The problem here is whether or not we can trust these polls, as Hungarian pollsters are anything but neutral, and no Western firm like YouGov has ever ventured there. Foreign observers estimate that as many pollsters are biased towards the opposition as towards the government, but those linked to the government publish polls more often, and we know from our own experience how biased polling can create a narrative in public opinion. The reassuring part is that Fidesz is nevertheless predicted around 10% down on the result at the previous election in 2022, while Tisza are predicted 10% up on United For Hungary, the now defunct coalition that represented the opposition four years ago. But this would put Tisza ahead by only a tiny margin, and the seat projections based on the most recent batch of polls hint at a hung Parliament, with Tisza missing a majority by just one seat.

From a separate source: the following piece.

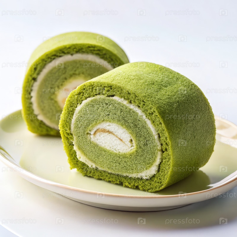 Вкусный торт с роллом зеленого чая мача, подаваемый на белой тарелке для наслаждения в любое время

Of course, 74 days is long enough for this to change favourably, especially as the most recent developments have not yet had an impact on voting intentions. Two small opposition parties had already indicated they would not stand months ago, and three more have made the same decision in mid-January. This proves that Hungarian politicians are smarter than ours, as they can resist the urge to stand at all costs to "send a message" and thusly split the opposition vote. It may not bring Tisza many additional votes per se, but it may also help boost the momentum in their favour. The rest of the European Union, with one or two exceptions, surely hope that Orbán will be ousted, thusly removing a major thorn in their arse, mostly but not exclusively over aid to Ukraine. If he stays and continues to act as Putin's Fifth Column, the EU still have their nuclear option, removing Hungary's voting rights in the European Commission and the European Council. That would be quite brutal, but would send just the right message to Moscow and Washington. The EU seems to have found a new pair of baws behind the sofa, to strike back at Trump over Greenland, and won. So I would certainly not rule out radical action as their contingency plan to remove hostile action from within. Even if Orbán's defeat would be a much cleaner way to achieve the same goal, and the one we can all wish comes true.
If you’re gonna try to kill the king, you can’t miss.